One Medium Shake Please

We experienced a bit of an earthquake this afternoon that resulted in some damage in DC and further south into Virginia closer to where the epicenter was, but where I am it was an easier ride. It did however get me thinking about the mechanics of a quake if it happened during an encounter.

Something minor like what I felt might disconcert people and creatures a little, but wouldn't impact combat or maneuvering much. A thief trying to do somthing delicate like disarming a trap might feel otherwise and should definitely suffer a penalty. Let's assign the thief a 5% penalty to most skills, and 10% to disarming traps or picking locks, and to climbing.

As we get more violent shaking, but not yet at the epicenter or major tremors, increase the thief penalties to 10 and 20 percent, and begin assigning combat penalties to hit of -2. Also, if a wizard or elf is under threat, make them roll under their dex to cast, but failure doesn't wipe out the spell.

At the epicenter of a moderate quake or feeling major tremors, bump everything up dramatically. Thief penalties go up to 20 and 40 percent, penalties to hit become -4, and spell casters need to roll a check under their dex to cast, and this time failure does cost them the spell. Also, everyone is forced to move in a random direction 1" (or 5 feet). Roll a d8 (or d6 if on a hex map) to determine the direction. Movement is also halved.

At the epicenter of a major quake or feeling incredible tremors forget climbing, and all other thief skills are penalized by 80%. Fighting is nearly impossible with penalties to hit of -8. Don't even try to cast a spell. Everyone is randomly moved 1d4 inches, roll for direction as above.

The one I experienced today felt like it lasted about 30 seconds to a minute. I wasn't counting since I was more fascinated by the experience.

To determine the length of tremors in a quake, roll 1d10 times rounds for each phase.
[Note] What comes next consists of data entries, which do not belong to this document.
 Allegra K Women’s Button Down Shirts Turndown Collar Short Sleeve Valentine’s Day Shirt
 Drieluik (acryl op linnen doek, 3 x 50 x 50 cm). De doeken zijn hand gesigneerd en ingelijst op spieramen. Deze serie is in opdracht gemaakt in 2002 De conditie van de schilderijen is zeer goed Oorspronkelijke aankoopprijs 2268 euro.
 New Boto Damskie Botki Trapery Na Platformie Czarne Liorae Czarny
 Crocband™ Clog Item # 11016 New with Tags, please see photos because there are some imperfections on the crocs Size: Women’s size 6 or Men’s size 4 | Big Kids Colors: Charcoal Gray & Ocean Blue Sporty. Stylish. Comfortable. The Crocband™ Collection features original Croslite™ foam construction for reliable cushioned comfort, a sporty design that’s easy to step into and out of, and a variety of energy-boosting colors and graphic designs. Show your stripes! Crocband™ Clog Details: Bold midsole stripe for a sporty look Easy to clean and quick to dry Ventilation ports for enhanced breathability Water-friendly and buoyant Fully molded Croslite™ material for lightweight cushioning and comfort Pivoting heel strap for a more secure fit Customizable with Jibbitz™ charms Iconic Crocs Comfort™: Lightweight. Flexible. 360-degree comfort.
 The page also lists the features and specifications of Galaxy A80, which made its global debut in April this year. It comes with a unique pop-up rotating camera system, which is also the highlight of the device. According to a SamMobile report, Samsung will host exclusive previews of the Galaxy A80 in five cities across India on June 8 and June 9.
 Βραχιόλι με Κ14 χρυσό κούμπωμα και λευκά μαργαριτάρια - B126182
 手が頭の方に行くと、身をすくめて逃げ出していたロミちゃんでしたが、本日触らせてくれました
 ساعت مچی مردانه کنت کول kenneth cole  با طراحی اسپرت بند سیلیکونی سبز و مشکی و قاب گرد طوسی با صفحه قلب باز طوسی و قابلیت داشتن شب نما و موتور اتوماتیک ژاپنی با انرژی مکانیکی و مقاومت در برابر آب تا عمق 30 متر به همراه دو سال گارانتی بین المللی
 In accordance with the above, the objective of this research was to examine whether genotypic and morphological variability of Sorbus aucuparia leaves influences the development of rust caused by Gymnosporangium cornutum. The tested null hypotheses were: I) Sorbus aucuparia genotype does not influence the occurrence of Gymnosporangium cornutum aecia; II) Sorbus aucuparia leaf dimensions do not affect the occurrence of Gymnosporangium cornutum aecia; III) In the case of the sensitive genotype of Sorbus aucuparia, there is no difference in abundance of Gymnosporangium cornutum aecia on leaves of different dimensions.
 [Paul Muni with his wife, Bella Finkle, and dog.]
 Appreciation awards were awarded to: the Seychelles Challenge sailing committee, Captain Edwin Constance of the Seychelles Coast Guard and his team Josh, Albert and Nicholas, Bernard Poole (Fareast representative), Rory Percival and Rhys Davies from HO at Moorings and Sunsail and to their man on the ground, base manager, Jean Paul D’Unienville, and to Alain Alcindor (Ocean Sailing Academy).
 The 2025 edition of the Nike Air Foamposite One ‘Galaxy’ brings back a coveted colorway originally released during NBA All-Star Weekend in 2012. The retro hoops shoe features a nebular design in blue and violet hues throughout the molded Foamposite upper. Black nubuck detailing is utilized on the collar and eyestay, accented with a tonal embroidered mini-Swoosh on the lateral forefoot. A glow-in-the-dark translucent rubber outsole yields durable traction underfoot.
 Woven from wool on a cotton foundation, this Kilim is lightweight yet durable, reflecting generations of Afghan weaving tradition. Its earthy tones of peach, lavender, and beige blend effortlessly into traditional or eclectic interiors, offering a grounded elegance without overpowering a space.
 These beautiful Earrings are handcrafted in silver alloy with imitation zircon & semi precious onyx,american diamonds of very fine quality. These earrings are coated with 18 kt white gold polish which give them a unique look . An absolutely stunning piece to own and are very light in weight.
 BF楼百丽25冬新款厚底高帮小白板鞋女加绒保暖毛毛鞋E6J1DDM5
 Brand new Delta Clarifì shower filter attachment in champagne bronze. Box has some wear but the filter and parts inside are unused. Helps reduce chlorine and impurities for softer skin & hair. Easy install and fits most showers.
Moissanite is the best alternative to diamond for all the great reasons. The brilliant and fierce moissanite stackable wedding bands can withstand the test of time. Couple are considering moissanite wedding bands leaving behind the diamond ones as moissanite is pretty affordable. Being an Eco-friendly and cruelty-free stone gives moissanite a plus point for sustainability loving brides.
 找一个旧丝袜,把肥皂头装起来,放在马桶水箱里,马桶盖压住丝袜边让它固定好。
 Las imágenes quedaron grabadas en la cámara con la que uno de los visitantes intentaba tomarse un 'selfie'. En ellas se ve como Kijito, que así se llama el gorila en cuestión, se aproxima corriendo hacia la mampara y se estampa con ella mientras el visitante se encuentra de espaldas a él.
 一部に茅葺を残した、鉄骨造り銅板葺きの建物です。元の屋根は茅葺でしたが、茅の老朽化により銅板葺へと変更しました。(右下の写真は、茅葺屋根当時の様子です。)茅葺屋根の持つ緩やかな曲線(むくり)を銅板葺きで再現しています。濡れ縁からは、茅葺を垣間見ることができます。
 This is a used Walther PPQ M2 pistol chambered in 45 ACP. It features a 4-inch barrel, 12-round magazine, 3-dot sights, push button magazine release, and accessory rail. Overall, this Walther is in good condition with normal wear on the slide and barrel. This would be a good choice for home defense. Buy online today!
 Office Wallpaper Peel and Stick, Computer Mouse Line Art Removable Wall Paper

A minor quake is just 1d10 rounds. Bigger quakes roll another 1d10 for the length of each step up the scale. If it reaches major, roll another 1d10 worth of minor trembling as a calm down.

Decide on aftershocks as you wish.

This could be useful if the adventure is in a volcano that is seizmically active at random intervals. Determine your own periodic random table for shakes and the violence of them. Since some combats can draw encounters, consider a quake one of the possible random events.